Today Teledyne closed an offering of $3.0 billion investment-grade bonds (the “Notes”), including $300 million aggregate principal amount of 0.65% Notes due 2023, $450 million aggregate principal amount of 0.95% Notes due 2024, $450 million aggregate principal amount of 1.60% Notes due 2026, $700 million aggregate principal amount of 2.25% Notes due 2028 and $1.1 billion aggregate principal amount of 2.75% Notes due 2031.
Previously on March 4, Teledyne entered into a $1.00 billion Term Loan Credit Agreement and Amended and Restated Credit Agreement with capacity of $1.15 billion both maturing on March 4, 2026. Teledyne intends to use the proceeds from the Notes together with the proceeds from the $1.00 billion Term Loan and cash on hand to pay the cash portion of the consideration for the FLIR acquisition and refinance certain existing debt.

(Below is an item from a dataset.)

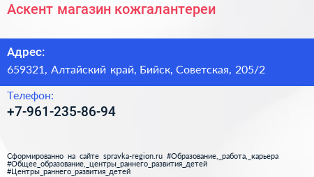 Аскент, магазин кожгалантереи по адресу 659321, Алтайский край, Бийск, Советская, 205/2 в дальнейшем Организация, размещена в следующих категориях:
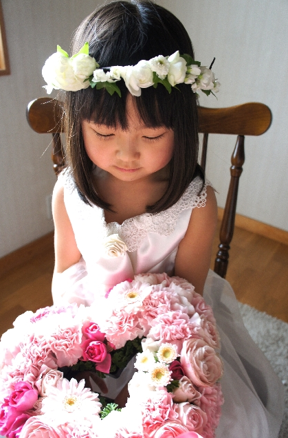 白いベビードレスにあわせて、記念撮影する際や、結婚式に参列する際などにぴったりのヘッドドレスです。

Notifications pursuant to the Hart-Scott-Rodino (“HSR”) Antitrust Improvements Act of 1976 were filed on January 29, 2021, and termination of the waiting period occurred on March 1, 2021. Subject to the receipt of additional required regulatory approvals, the transaction is expected to close in the second quarter of 2021.
If the closing of the FLIR acquisition does not occur on or before the earlier of (i) December 31, 2021, and (ii) the date the Merger Agreement, including any amendment thereof, is terminated, according to its terms, Teledyne will redeem the 2023 Notes, the 2024 Notes, the 2026 Notes, and the 2031 Notes in whole at a special mandatory redemption price equal to 101% of the aggregate principal amount of such Notes, plus accrued and unpaid interest on the principal amount of such Notes to, but excluding, the special mandatory redemption date.
About Teledyne
Teledyne Technologies is a leading provider of sophisticated instrumentation, digital imaging products and software, aerospace and defense electronics, and engineered systems. Teledyne’s operations are primarily located in the United States, Canada, the United Kingdom, and Western and Northern Europe.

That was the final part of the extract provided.